Kushe Aunsi: Nepal’s Father’s Day

Today is also Father’s Day which is also known as Kushe Ausi or Pitri Tirpani Aausi or Gokarne Ausi

Aug. 30, 2019, 7:21 a.m.

Hindu is celebrating Kushe Aunshi today by bringing kush, a holy grass, into their houses. There is a religious belief that keeping kush cut by the priests brings well-being to family members.

Today is also Father’s Day which is also known as Kushe Ausi or Pitri Tirpani Aausi or Gokarne Ausi. This day Nepali people pay their homage to their father with their favorite food, clothing and other dad’s favorite stuff.

Kush (1).jpg

This is a special day, people recognize and pay respect to their father for his care and love to us (his children and family) during his life. Hence, this day is called "Babu ko Mukh herne din” . The literal meaning of Mukh Herne is to see someone's face.

Kush is a type of holy grass. There is a tradition to bring Kush home on this day of Aushi (no moon day). Hence, this day is called Kushe Aushi. The importance of Kush is explained in Shreemad Bhagwat Gita, Vishnu Puran, Arthaved, and Garud Puran.

Kush brought home on Kushe Aushi day is used all the year long. Kush is very important grass and used in all the Hindu rituals and Poojas in Nepal.

Today is also known as Gokarna Aunshi, people offer delicacies to their fathers and receive blessings from them. Those whose father is dead go to temples and perform shraddha. Devotees throng Gokarna of Kathmandu, Betrawati of Rasuwa, and Bishnupaduka of Dharan during the festival.

Similarly, the 150th birth anniversary of Nepali litterateur Motiram Bhatta is being celebrated across the nation by organizing different programs tomorrow. Bhatta had made a remarkable contribution to Nepali literature.

This is a special day set apart for the veneration of one's father. On this auspicious day, sons as well as daughters go home to meet and spend quality time with their fathers. Home-cooked delicacies, sweets, meat and other gifts are offered to all fathers.

On the streets are seen married daughters with goodies making their way to their maternal home to meet, no matter how busy their schedule is. Many people celebrate this festival by offering prayers to the Shiva shrine at Gokarna Temple. People also visit the temple at Gokarna or other holy places to perform "shradh" in memory of their deceased fathers.
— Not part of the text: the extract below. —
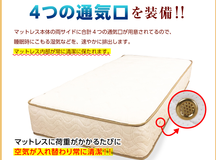 4つの通気口、湿気を逃しやすい特別な繊維を使用、睡眠中の発汗による温度上昇を防いでくれる。
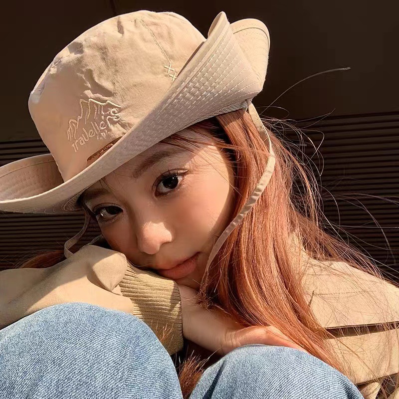 日系ひも引き日焼け止め漁師帽子男女夏通気アウトドアキャンプ登山釣り日除けカウボーイ帽

In Father's day, he who has already lost his father remember him giving Sida daan to pandit (Sida is holy mixture of rice grains and other pure food materials with clothes).

Gokaran and Kuse Aunsi

Some men in Kathmandu go to Gokarna (a place east in Kathmandu) to do the Sraddha or pinda daan to their deceased father and some do Shradha at home or at the near river or at any holy place nearby.

According to legend, once Shiva and Parbati disappeared from Himalaya parbat. All the gods were very surprised and started searching them all across the universe. Brahma and other gods, caught Lord Shiva and his wife Parvati in Deer's lives hiding in Sleshmantak forest in Pashupatinath.

The "Buck" Shiva was caught by Brahma by his horns. Horns of Shiva came out in Brahma's hand. Then Lord Shiva asked Brahma and Bishnu to establish those horns as Shiva linga in somewhere in Nepal as they think fit. Brahma placed it in Gorkarna. Since then, It is believed that worshiping Shiva in Gokarneshwor Mahadev and doing pinda daan (homage to dead people) is equivalent of visiting Gaya 10 times (Gaya is another Hindu holy place).